Morphogenesis and gene regulatory networks in plants and animals:

A complex systems modelling approach

Growth of biological organisms is influenced by genes in individual cells and by interactions between cells. MORPHEX seeks to understand how interactions between genes cause cells to differentiate, grow and divide, and how exchanges between cells contribute to this process. The results should improve understanding of why the growing process sometimes fails, and how to overcome this. It will also lead to the expansion of computer-based experimentation on virtual organisms, and to the development of a generic platform for model-driven experimentation.

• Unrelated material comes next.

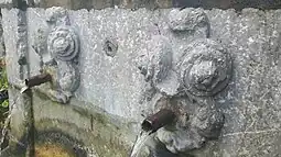 Se trata de una fuente de reducidas dimensiones, que consta de una pileta adosada a una fachada en la que se ubican dos caños incrustados en sendas máscaras o rostros antropomorfos. Por encima de los caños, un entablamento clásico con su correspondiente cornisa proporciona a la fuente un aspecto monumental. El conjunto se ve coronado por un frontón mixtilíneo, que hace de marco a su vez a una pequeña lápida dedicatoria. Unas volutas o motivos vegetales sirven de ornamento a los extremos de dicho frontón. Todo el conjunto se ve flanqueado por una suerte de bancos o canapés muy al gusto clasicista de la época.

The main objective of the project is to obtain via a modelling and simulation approach a better understanding of the structure and dynamics of metabolic pathways of gene regulatory networks involved in the morphogenesis of animals and plants. We will concentrate on the development of two kind of sponges and on the organogenesis of carpel and anthers of a flowering plant. We will tackle the complexity involved in these processes by using concepts and tools arising from complex systems science. On the one side morphogenesis of sponges and organogenesis in flowering plants share many common concerns and approaches which justify the feasability of tackling them within a common complex systems framework. On the other side they consider distinguished features and methods of analysis that will guarantee a minimal genericity in the tools designed for the modelling process. The following problems will be addressed: provide a general model allowing to describe the underlying complex systems at different hiearchical levels in the same formalism; provide tools to extract concrete models description from experimental data; provide a way to conduct in-silico experiments. These tools will be applied on real data in order to significatively progress on the initial biological problems and will also be used to develop a modelguided data collection process. Moreover, the simulation tools will be modular enough to be customised or extended in the future for modelling complex systems arising from other fields. Our global goals can be summarised by three measurable and verifiable objectives: to build patiotemporal atlases of gene expression for flowering plants (for carpel and anther) and one for sponges; to web design, implement and finely tune models of development for reproductive organs in flowering plants and for sponges; to develop a customisable modelling and simulation platform adapted to the study of free complex systems in the context of development biology.
The freshwater sponge Lubomirskia baicalensis represents one of the most structured sponge species. The green colour of the specimens originates from the green algae which live in symbiosis with this animal.
An x-ray image of the freshwater sponge Lubomirskia baicalensis demonstrates the complex architectural structure of the hard skeleton of this animal.